Question

Write the series using sigma notation with lower limit n = 3.

Answer 1

The series
`\( \sum_(n=3)^(\infty) (1)/(3^n) \)` is represented in sigma notation as
`\(\sum_(n=3)^(\infty) -3 \left((1)/(3)\right)^n\)`. This captures the geometric progression starting from n = 3 with a common ratio of
`\((1)/(3)\).` Hence, option A is correct.
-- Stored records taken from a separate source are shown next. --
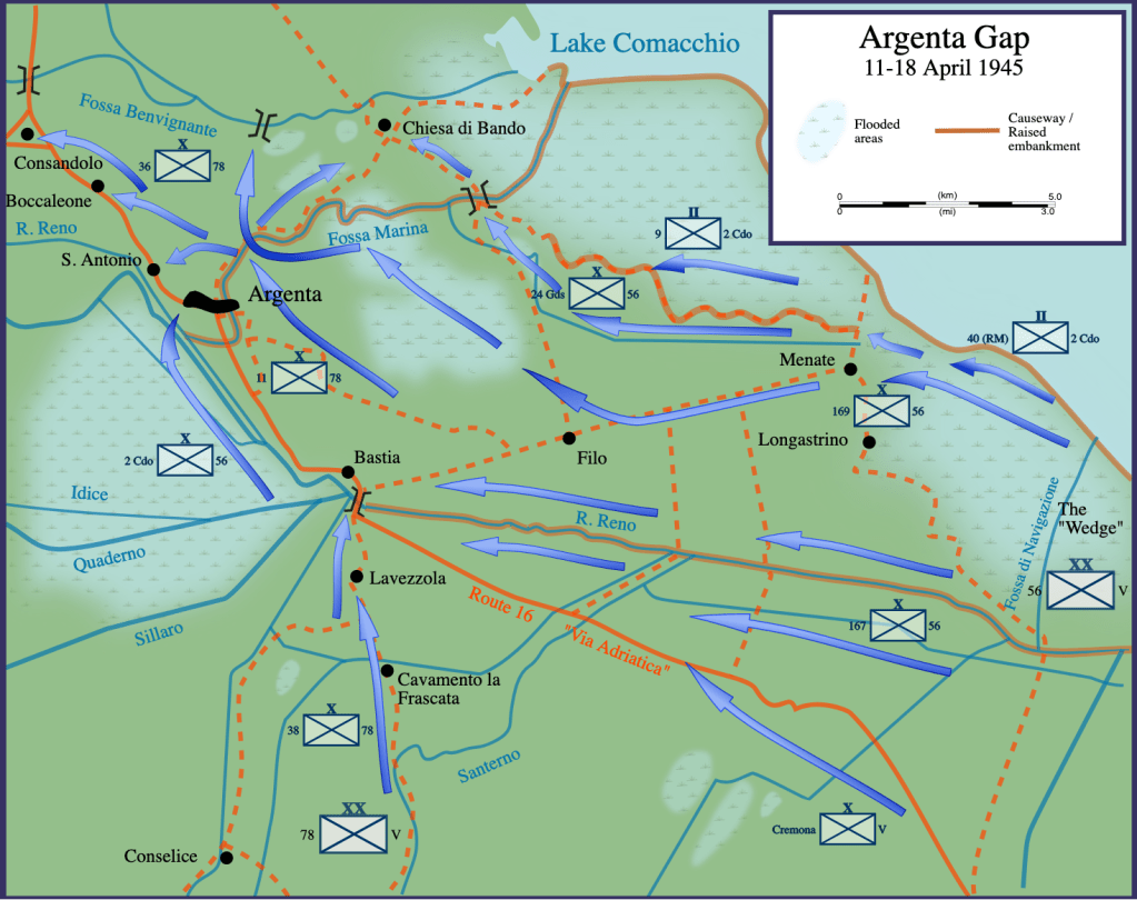 Tra il 12 e il 19 aprile l’8a Armata Britannica, appoggiata da un’intensissima azione dell’aviazione, riuscì a forzare il passaggio. Quando la 56a e 78a Divisione si trovarono libere di procedere verso nord, alla 6a Divisione Britannica fu affidato il compito di insinuarsi alla sinistra della 78a divisione e di procedere rapidamente verso nord-ovest seguendo il corso del Reno, per collegarsi a Bondeno con la 5a Armata americana che avanzava verso nord da Bologna, così da completare l’accerchiamento dell’armata tedesca (Fig. 3).
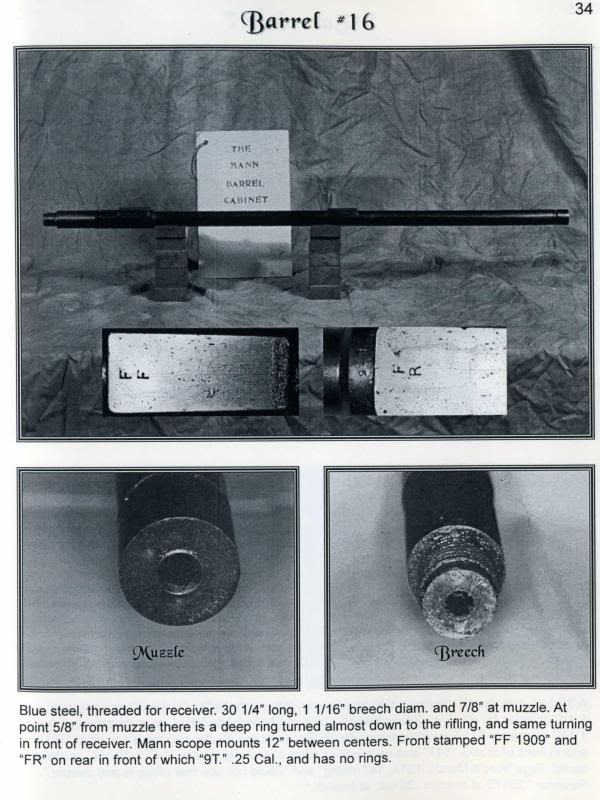 Even though the range is 30 miles away there is a airport just a few hundred yards away from it. I can log on the weather at the airport and check the wind and temp and if bad I stay home. I made some longer base-bands at .180" the ones I been making are .100" with the case OAL of 2.265". I also trimmed a case to 2.220" and with the longer BB it's a jam fit. The Sierra 75's will also chamber. I've been playing with other Mann-Niedner 25's for some time now and this barrel is dated 1909, the earliest one I have access to. Here is a picture of an identical barrel at Walnut Hill, the only difference is my barrel is also marked "F.W. Mann".
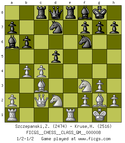 Last move : 1/2-1/2 2021 October 23 13:23:15 [Event "FICGS__CHESS__CLASS_GM__000008"] [Site "FICGS"] [Date "2021.10.09"] [Round "1"] [White "Szczepanski,Zbigniew"] [Black "Kruse,Herbert"] [Result "1/2-1/2"] [WhiteElo "2474"] [BlackElo "2516"] 1.d4 Nf6 2.c4 e6 3.Nf3 b6 4.g3 Ba6 5.b3 Bb4+ 6.Bd2 Be7 7.Bg2 c6 8.Bc3 d5 9.Nbd2 Nbd7 10.Qc2 O-O 11.e4 c5 12.exd5 exd5 13.O-O Rc8 14.Rfe1 Re8 15.dxc5 Bxc5 16.b4 Bf8 1/2-1/2 Queen's Indian : Nimzovich variation (exaggerated Fianchetto) Kingside Castling by player Black (move 10) Kingside Castling by player White (move 13) This chess game ended in a draw. Follow this game move after move (download)That's what Chess is all about. One day you give your opponent a lesson, the next day he gives you one. (Bobby Fischer) Karpov ist ein Museumsstück. (Garry Kasparov) Desconfianza es la característica mas necesaria de un jugador de Ajedrez. (Siegbert Tarrasch) Nous vivons dans un monde échiquéen : chaque jour qui passe est un défi à relever. (Philosophe Sasha) Art disturbs, science reassures. (Georges Braque, Le Jour et la Nuit)

To express the given series using sigma notation, we can analyze the pattern of the terms. The series involves the sum of terms in the form
`\( (1)/(3^(n-1)) \)`, starting from n = 3. The general term can be written as
`\( (1)/(3^(n-1)) \).`

Therefore, the series can be represented using sigma notation as:

`\[ \sum_(n=3)^(\infty) (1)/(3^(n-1)) \]`

Now, to verify that this is equivalent to option (a)
`\( \sum_(n=3)^(\infty) 3\left((1)/(3)\right)^n \)`, we can simplify the expression in option (a):

`\[ \sum_(n=3)^(\infty) 3\left((1)/(3)\right)^n = \sum_(n=3)^(\infty) (1)/(3^(n-1)) \]`

This demonstrates that option (a) is equivalent to the given series. The factor of 3 outside the parentheses is absorbed when adjusting the power of 3 inside the parentheses, confirming the correctness of option (a) as the representation of the series using sigma notation.